◆ **What is needed**
Pictures aside, every line of the listing should be given again exactly.

◆ **Collected data**
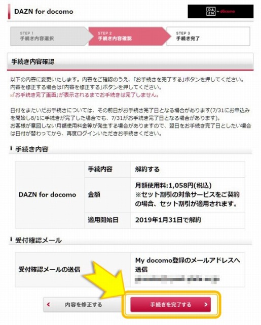 内容に間違いがなければ[手続きを完了する]をクリック。
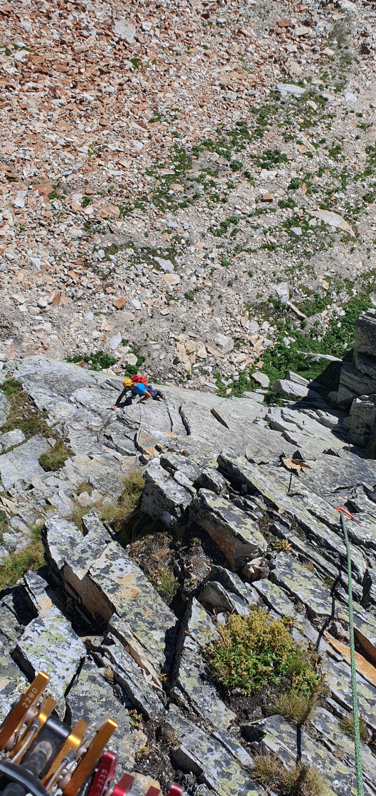 Gita molto didattica per chi vuole incrementare le proprie capacità alpinistiche . Non ci sono molti chiodi ma l itinerario è ovvio. Soste su anelloni ma buone…
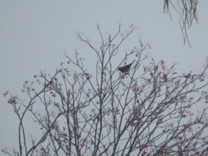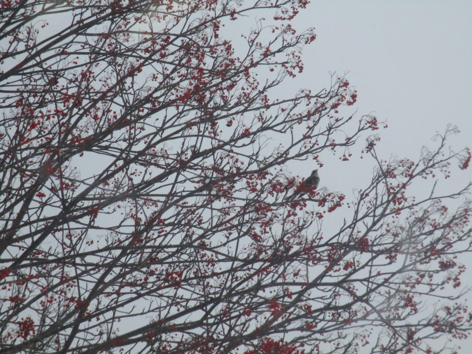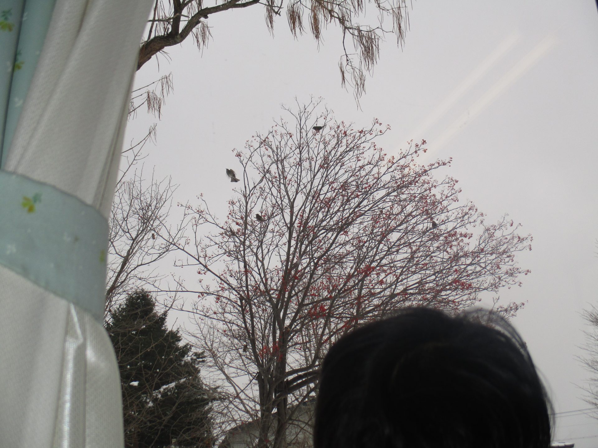 どうやら数匹で赤い実を食べにきたようでした。お部屋からしっかりと赤い実をつつく姿が見えました!
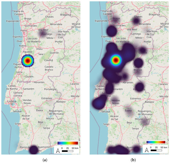 After applying the density-based clustering algorithm, 17 clusters were found in 2020 and 281 in 2021. The heatmaps in Figure 12 were also generated in QGIS, and represent the clusters found. In the heatmaps, significant clusters are illustrated. These maps were created based on the weight of the clusters, which means that regions where more clusters were found are more highlighted (have a brighter color). As observed, in the first year, most of the locations visited were in Coimbra, with some exceptions, for example, visits to the south of Portugal. In the following year, even with the extreme number of infections and deaths, according to DGS [31], especially in the region of Lisbon and the northern region of Portugal (Figure 1), the individuals traveled and visited almost all districts across the country.

◆ **Solution for this exercise**
 内容に間違いがなければ[手続きを完了する]をクリック。
 Gita molto didattica per chi vuole incrementare le proprie capacità alpinistiche . Non ci sono molti chiodi ma l itinerario è ovvio. Soste su anelloni ma buone…
 どうやら数匹で赤い実を食べにきたようでした。お部屋からしっかりと赤い実をつつく姿が見えました!
 After applying the density-based clustering algorithm, 17 clusters were found in 2020 and 281 in 2021. The heatmaps in Figure 12 were also generated in QGIS, and represent the clusters found. In the heatmaps, significant clusters are illustrated. These maps were created based on the weight of the clusters, which means that regions where more clusters were found are more highlighted (have a brighter color). As observed, in the first year, most of the locations visited were in Coimbra, with some exceptions, for example, visits to the south of Portugal. In the following year, even with the extreme number of infections and deaths, according to DGS [31], especially in the region of Lisbon and the northern region of Portugal (Figure 1), the individuals traveled and visited almost all districts across the country.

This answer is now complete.